Sage Advice gratefully accepted.
Yours Truly,
Ed AKA Crazy Eddie the First


----------



## Icehole (Nov 22, 2013)

Well,
I already expressed interest in both e1e's
looks like you are gauging interest. 
PM me and we can work out the details, if they are still available. 
I think JasonH may have beat me to at least one of them. 
I will probably end up buying them from him, anyways! (Hi Jason!)


----------



## Crazyeddiethefirst (Nov 22, 2013)

Hello David,
As I mentioned in my PM, I listed the items before I had a clear and thought out plan(pretty obvious since I did not list prices and was informed very quickly it was a violation and was deleted). I am sincere is asking for help with coming up with fair prices. Most of the items I am selling have been purchased over the past couple of years, so I am not concerned with getting burned on the deal. I want to ask a fair price, I'm not out to get the last penny. I broke my hip a few days ago and I am not thinking 100% clearly. I appreciate anyone's input, and if I offended anyone by posting without the prices, I am sorry. I have learned much from quietly observing, now it is the to join the fun...


----------



## jamesmtl514 (Nov 22, 2013)

here's my 2 cents + quick evaluation. 
sell for what you paid + 10-20% and cover your PP fees+ shipping. 
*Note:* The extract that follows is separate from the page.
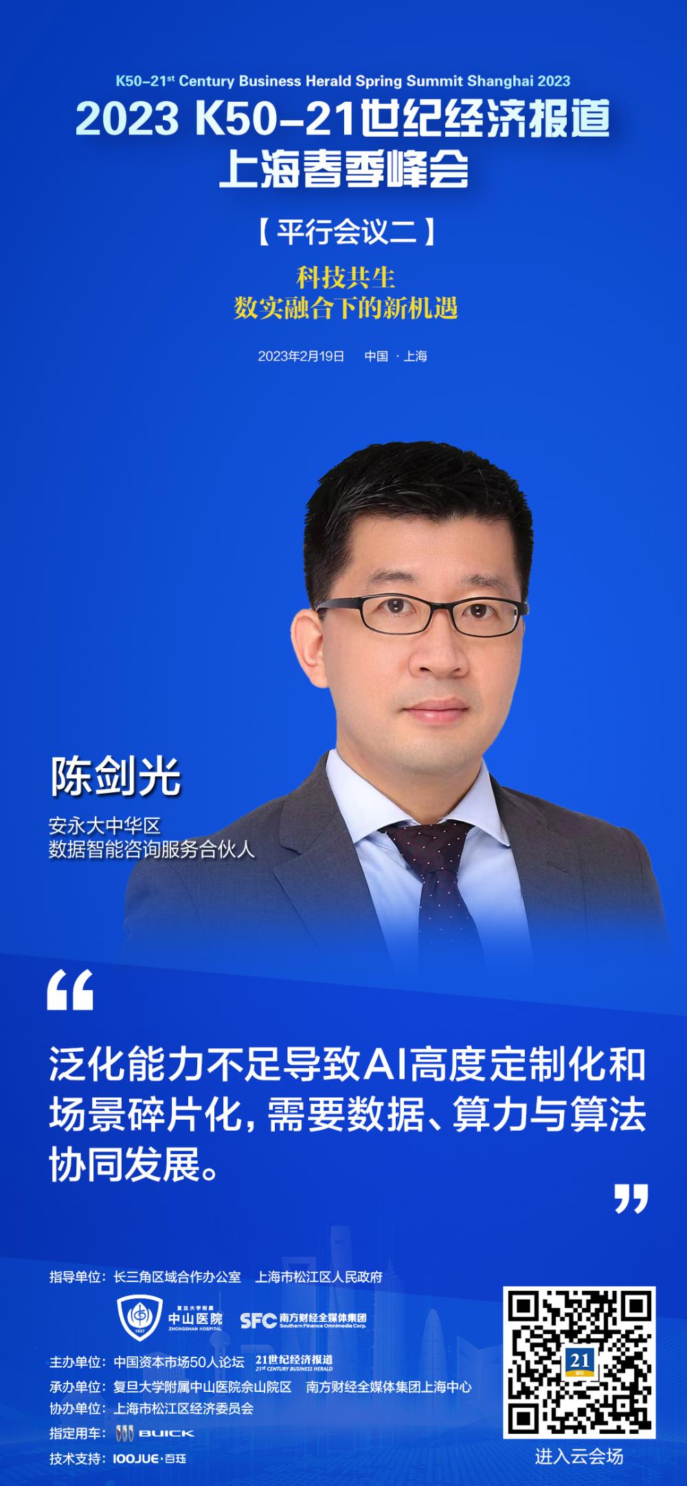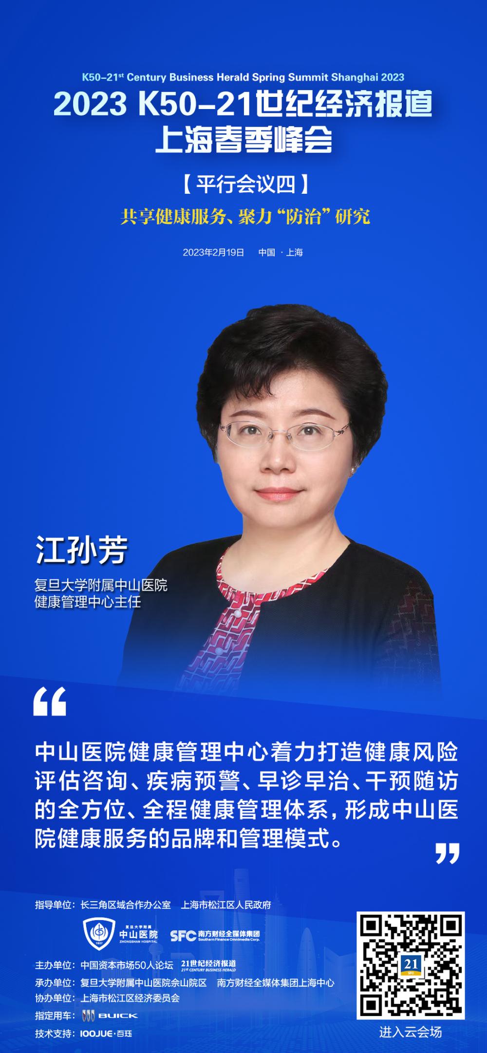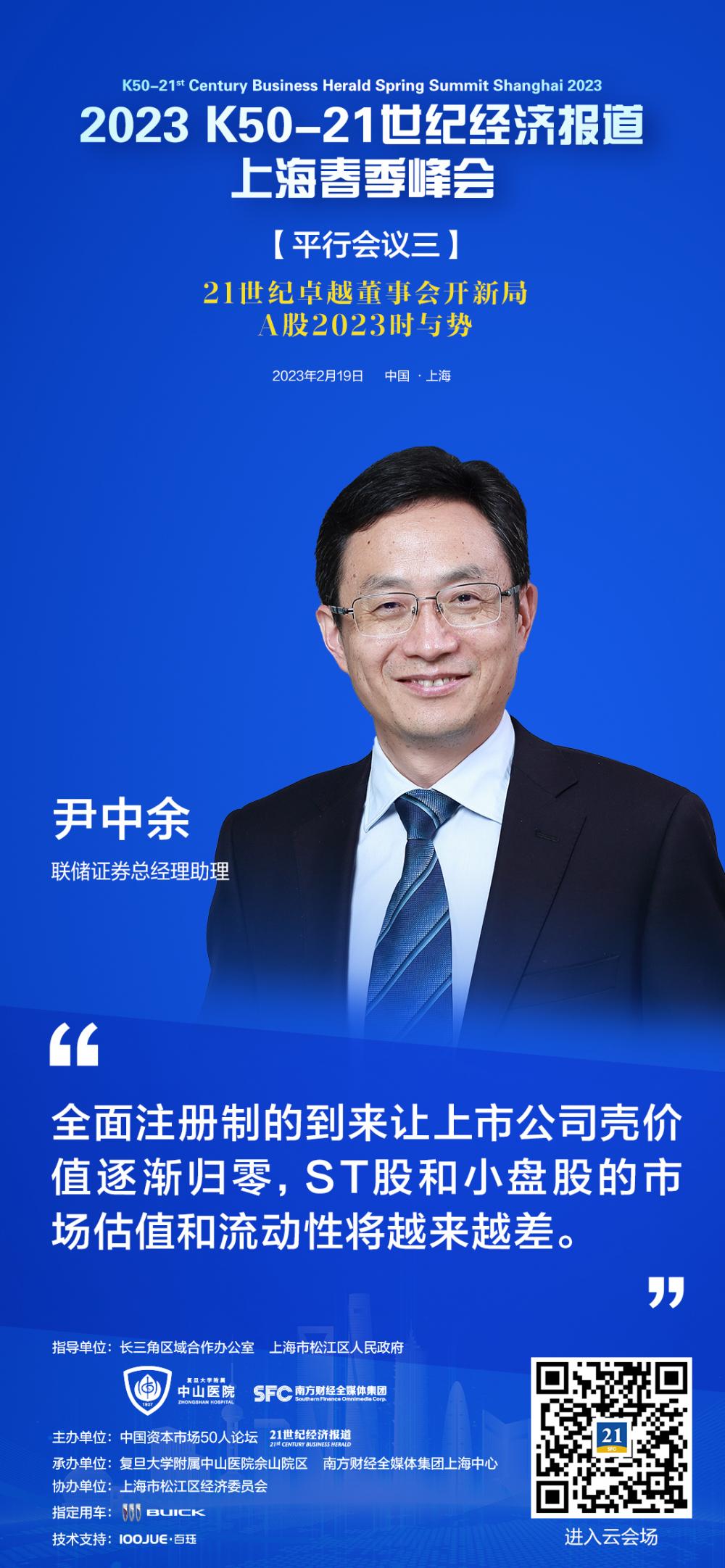 2月19日,由长三角区域合作办公室、上海市松江区人民政府、复旦大学附属中山医院、南方财经全媒体集团指导,中国资本市场50人论坛(K50智库)、21世纪经济报道联合主办的“2023 K50-21世纪经济报道上海春季峰会”在上海召开。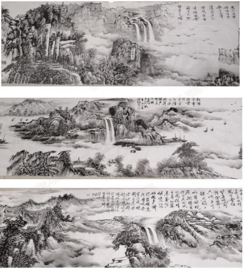 观张振生先生的作品给人的第一感觉非常惊赏,足以让人留下深刻的印象!他的作品气韵生动,笔墨自由,大气奔放。图中或黑或灰里,形象浑然闪动,很有动感,不轻不薄,都恰到好处,很好的表达了山景的丰富。既摆脱了沉静过之而板滞,又避免了狂放之后的乖张,在一张一弛中用实在、敦厚的传统笔墨写意胸中山水气象,作品看似意向强烈,实则温而不火,藏而不露。好的山水画在于画面的画外音,而不是停留在单纯的画卷上,它能让你联想到更多的东西,张振生先生的作品没有附和金钱流行的水墨,而是在用自己的表达方式展现自己的水墨风格,这才是真正,有艺术价值的绘画作品。 张振生先生年近80岁,为中国画的传承奋斗了一生,还创作了巨幅百米长卷作品,极其震撼!

E1E HA new in package, 110-140
EIE BK new in package 140-175

E2E HA new in package 120-130
E2E BK new in package 130-150

Thats what I'll estimate the going value of these lights to be. 
sometimes people will grab them up immediately other times you have to practically give them away, depends on the time of the year, the supply and demand and just plain luck.

All those lights listed above sold for $30-60 a few years ago.


----------